Welcome to Codidact Meta!
Codidact Meta is the meta-discussion site for the Codidact community network and the Codidact software. Whether you have bug reports or feature requests, support questions or rule discussions that touch the whole network – this is the site for you.
Post History
This is already being discussed in a comment thread, but I'm bumping it up to an answer for visibility and so it can be voted on. "We may update our terms from time to time without further notic...
Answer
#1: Initial revision
This is already being discussed in a comment thread, but I'm bumping it up to an answer for visibility and so it can be voted on. > "We may update our terms from time to time without further notice to you, unless notice is required by law. Your use of the Service after the Terms are updated constitutes your acceptance of the updated Terms." As a user, I would be very suspicious of a TOS document that includes that.

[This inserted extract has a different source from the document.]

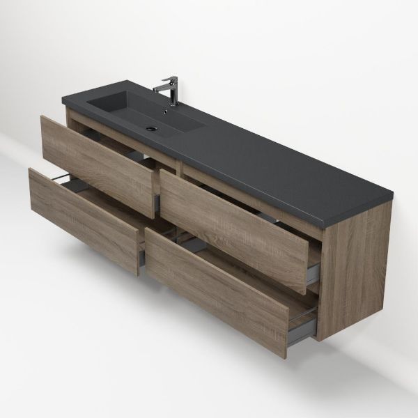 | Bellanti Elena/Esta-q badmeubel 200x46 4 softclose laden donker eiken greeploos quartz enkele wastafel links mat grijs met 1 kraangat |

It invites abuse, especially if the community has no way to validate when a TOS change was made. It opens us up to suspicion that we could sneak unfavorable changes into the TOS, something that other companies have done. We want to be open, transparent, and accountable to our communities here; it's one of the things that sets us apart. I agree that we need to be able to modify the TOS; any service that exists for long enough will run into situations that require changes. However, I think we *must* notify users, *in advance*, as a matter of principle and possibly a matter of law. (I don't know the legal requirements of every jurisdiction in which we have users.) We don't have code for this now, but I think we'd need to add a way for an administrator to send an inbox notification to every user on the network. I don't know if we need email notifications if we have on-site notifications, and I don't know how hard it would be to send them, but we at _least_ need the on-site notification, in my opinion. ---- I agree with the other points you raised: severability, linking the privacy policy, and enabling changes (I'm just disagreeing on implementation of this last).